§ **Data listing**:
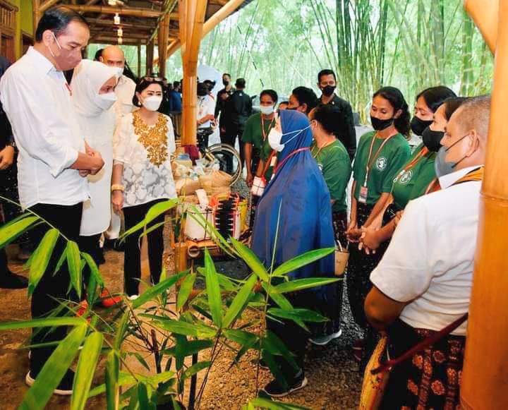 AGRARIA.TODAY – Berkunjung ke Kampus Bambu Turetogo, Kabupaten Ngada, Provinsi Nusa Tenggara Timur (NTT), pada Rabu, 1 Juni 2022, Presiden Joko Widodo dan Ibu Iriana Joko Widodo berkesempatan melihat berbagai produk bambu, seperti sepeda bambu yang dinamai Spedagi, bambu laminasi yang dapat digunakan untuk tiang, dinding, hingga lantai.
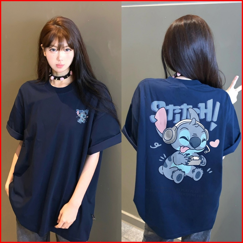 Forteid Biru Laut T-shirt Lengan Pendek Baju Kaos Oversize Wanita Baju Kaus Wanita Korea Baju Atasan Wanita Terbaru Pola
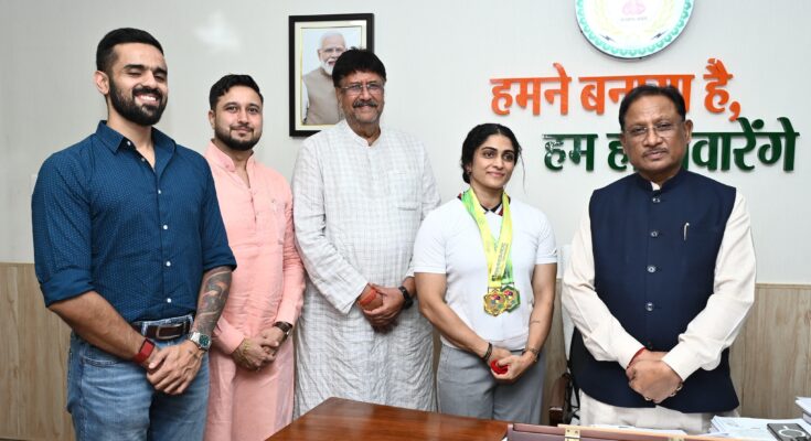मुख्यमंत्री से एशियन अफ्रीकन पैसिफिक पावर लिफ्टिंग चैंपियनशिप की स्वर्ण पदक विजेता नमी राय पारेख ने की मुलाकात
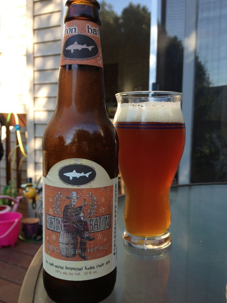 Its one of the first Saturdays that we have nothing we have to do, so my wife and I are relaxing on the back deck. The moment just called for a beer, so I reached into the beer fridge to see what I could come up with. This is one of the big beers my friend Travis gave me from his vacation to Virginia Beach about a month ago. I’ve been wanting to try this one for a long time… ever since I homebrewed my own wood aged IPA. To be honest, mine wasn’t very good at first, but after a year or two of aging, it was great. The bottle says, “This special ale is a two-thread blend of young & wood aged Imperial IPA.” It has a bottled on date of 3/4/13.
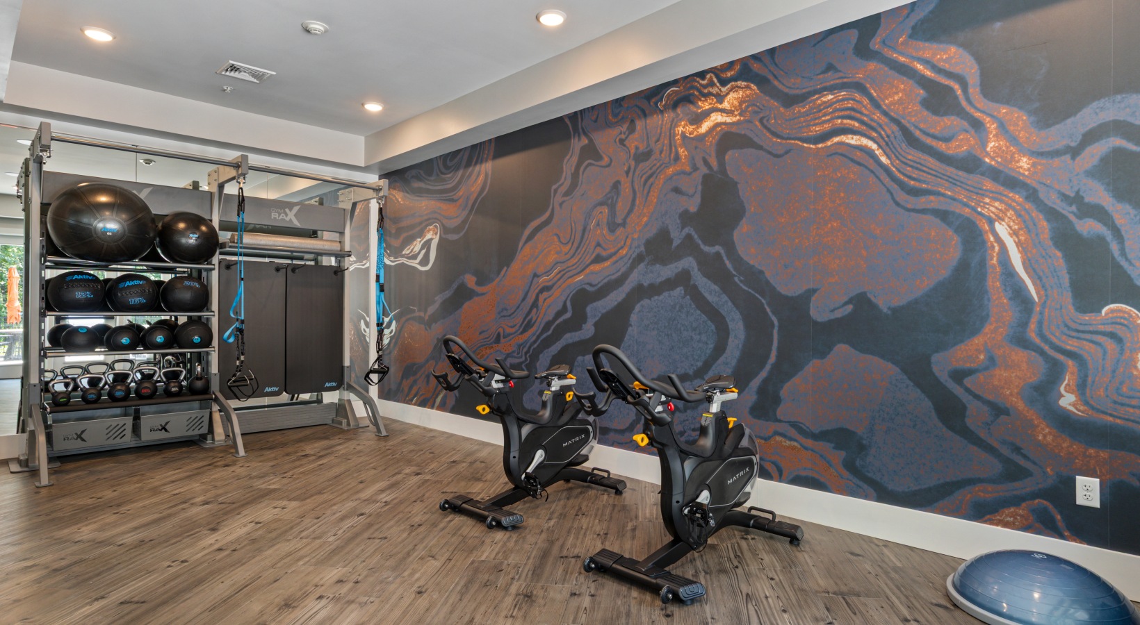 • a gym with exercise equipment

§ **Problem to work on**: Starting at the line that contains "Its one of the" and ending at the final line of the data, reproduce each line exactly. Pictures stay out of the copy.

§ **Answer for this exercise**:
 Its one of the first Saturdays that we have nothing we have to do, so my wife and I are relaxing on the back deck. The moment just called for a beer, so I reached into the beer fridge to see what I could come up with. This is one of the big beers my friend Travis gave me from his vacation to Virginia Beach about a month ago. I’ve been wanting to try this one for a long time… ever since I homebrewed my own wood aged IPA. To be honest, mine wasn’t very good at first, but after a year or two of aging, it was great. The bottle says, “This special ale is a two-thread blend of young & wood aged Imperial IPA.” It has a bottled on date of 3/4/13.
 • a gym with exercise equipment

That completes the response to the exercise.